Southold Town wants to make it more difficult for homeowners in coastal erosion hazard areas to expand their homes.
An amendment to the town’s Coastal Erosion Hazard Act would limit expansion of houses in areas vulnerable to erosion to 25 percent of the existing structure’s livable floor area.
While Town Trustees and environmentalists said during a public hearing Tuesday night that the measure would protect homeowners from storm damage that is increasing in frequency, property rights advocates were not convinced.
Southold attorney Patricia Moore pointed out that many houses on North Sea Drive in Southold are summer bungalows of only 500 square feet. If the changes were enacted, she said, they could be expanded to just 625 square feet — less than the 700-square-foot living area required for new homes.
“If you’ve overnight created a whole community that is within the coastal erosion area, you’re creating a property that needs a 100 percent variance on buildable area issues,” Ms. Moore said.
Councilman Chris Talbot countered that by continuing to build in that area, homeowners are putting the whole community at risk.
John Betsch of Southold VOICE, a waterfront rights advocacy group, asked why the town decided to change the law.
“It’s really hypothetically a takeaway,” he said. “There has to be a rationale of why you’re changing it.”
Trustee Bob Ghosio said his board has seen many applications for additions to previously expanded homes, causing the space to expand more drastically than the code had intended.
“It becomes incrementally larger and larger … What we wanted to do is reign some of that in,” Mr. Ghosio said. He added that some homes on North Sea Drive are so big that they cast huge shadows on their smaller neighbors and sunlight never comes in.
Ms. Moore disagreed with that logic. “You’re penalizing the little guy because of the big guy,” she said.
The attorney said the town could redraft the law so it affected houses already larger than a certain floor area.
“If that’s what you’re trying to address, write it that way,” she said.

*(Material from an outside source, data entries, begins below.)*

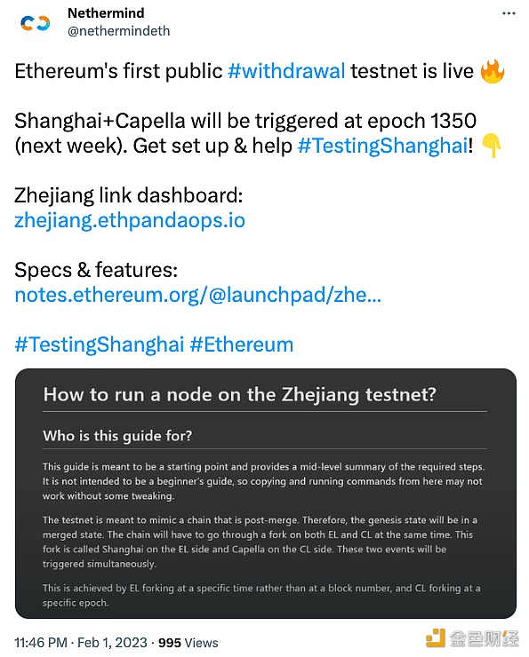 2月2日消息,据以太坊客户端开发商Nethermind消息,以太坊首个公共提款测试网Zhejiang已正式启动,预计下周(epoch 1350)将对该测试网进行Shanghai+Capella升级。
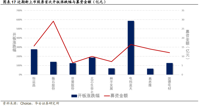 近两个月以来(2026年1月19日-2026年3月20日),大部分新上市股票的上市首日涨跌幅位于50%-600%水平区间内,上市首日涨跌幅最高的三家为电科蓝天、恒运昌、北芯生命-U,分辩达到585.75%、276.44%、185.65%。大部分新股募资金额位于5-20亿元水平区间内,其中募资金额最高的三家为振石股份、电科蓝天、恒运昌,分辩为29.19、16.45、15.61亿元。
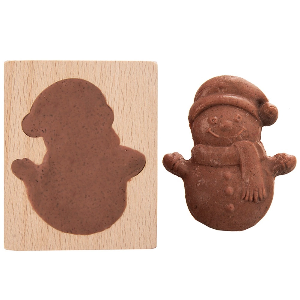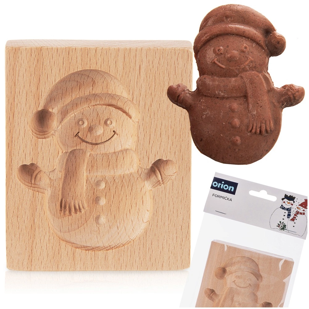Táto drevená formička v podobe usmiateho snehuliaka je ideálna na sviatočné pečenie aj tvorenie s deťmi. Reliéfny vyrezávaný motív vytvára krásne plastický vzor, ktorý na cukrovinkách, perníčkoch či čokoláde vynikne. Vonkajšie rozmery formy sú 11 × 9,5 × 2 cm, výsledný motív snehuliaka má približne 8,7 × 7,5 cm.
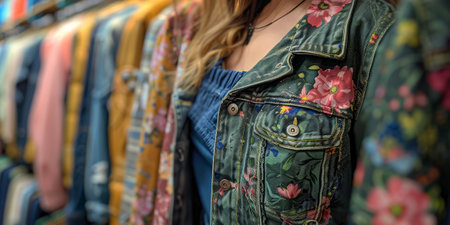Close-up of a woman wearing a stylish floral embroidered denim jacket in a boutique
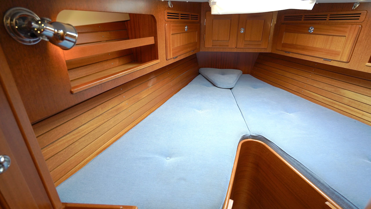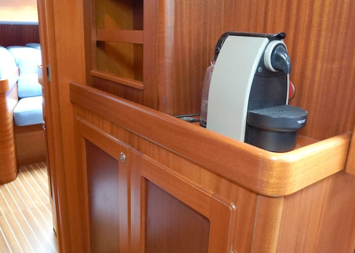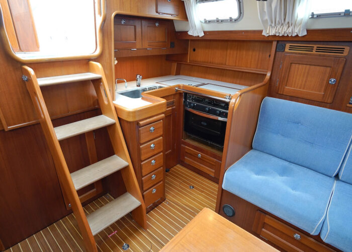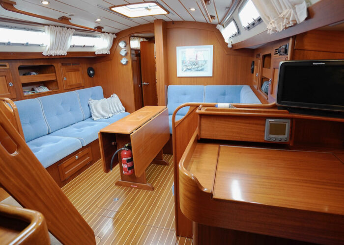 Hallberg-Rassy 40 is a yacht that is built to go anywhere. A solid, modern and strong blue water cruiser. Easy to handle by a couple. The layout offers an owner’s aft cabin with a double berth and single berth, a forward guest cabin with a v-berth, saloon with 2 x sofas, and a foldable table. Directly to port of the entrance is the galley and to starboard is the navigation table. A spacious heads with shower is located forward of the mast bulkhead. As expected on a Hallberg-Rassy there is plenty of storage space and a (really) large engine room.
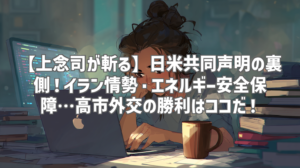 最近、ニュースをチェックしていて、特に気になったのが日米共同声明。でも、正直なところ、ニュース記事を読んだだけでは、その真意や背景にある複雑な事情まで理解するのは難しいと感じていました。そんな時、YouTubeのおすすめに表示されたのが、上念司さんのチャンネル「ニュースの虎側」の動画。「日米共同声明の「うますぎる中身」を徹底解説!イラン情勢、ホルムズ海峡、エネルギー安全保障まで一気に!?高市外交の絶妙すぎる勝ち筋を読み解く!」というタイトルに惹かれ、早速視聴してみました。上念さんの解説はいつもながらに鋭く、そして分かりやすい!まるで自分が国際政治の専門家になったかのような気分になれるんです。今回の記事では、この動画の内容を詳しくレビューし、日米共同声明の裏側にある、私たちが知っておくべき重要なポイントをまとめていきます。
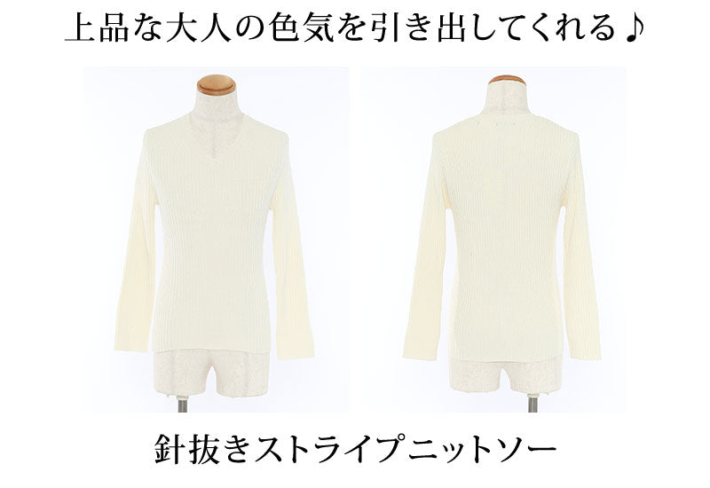 針抜きストライプニットソー
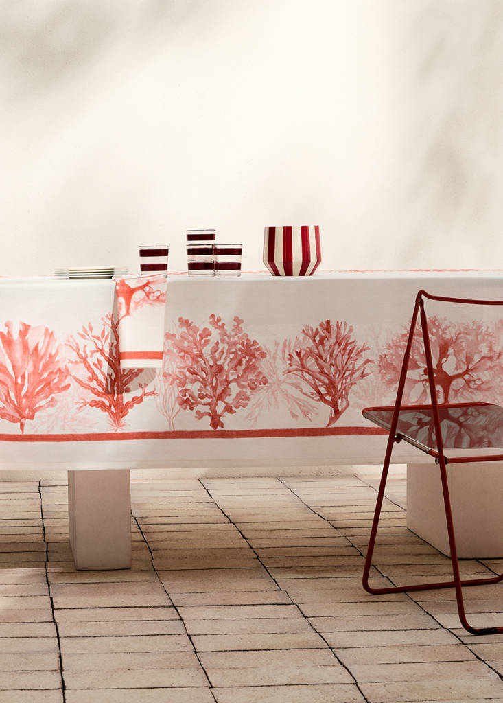 Tejido algodón y lino. Tamaño: 150x250cm. Este mantel diseñado para acomodar de 6 a 8 comensales, destaca por su confección de mezcla de lino y algodón proporcionando una textura natural y de alta calidad. Su diseño con diferentes corales a color aporta un toque natural y original a tu mesa. Combina con sus servilletas a juego

Environmentalist Lillian Ball commended the board for its increased vigilance in enforcing coastline restrictions. She said she was on North Sea Drive the morning of Hurricane Sandy and saw the damage it did there.
“These storms are not going away. They are not fluke occurrences,” Ms. Ball said. “We don’t want to be like the Rockaways. Look what happened to the Rockaways. I’m very pleased to see the rule is being clarified in such a way to make people think twice.”
The board closed the public hearing, but did not vote on the law.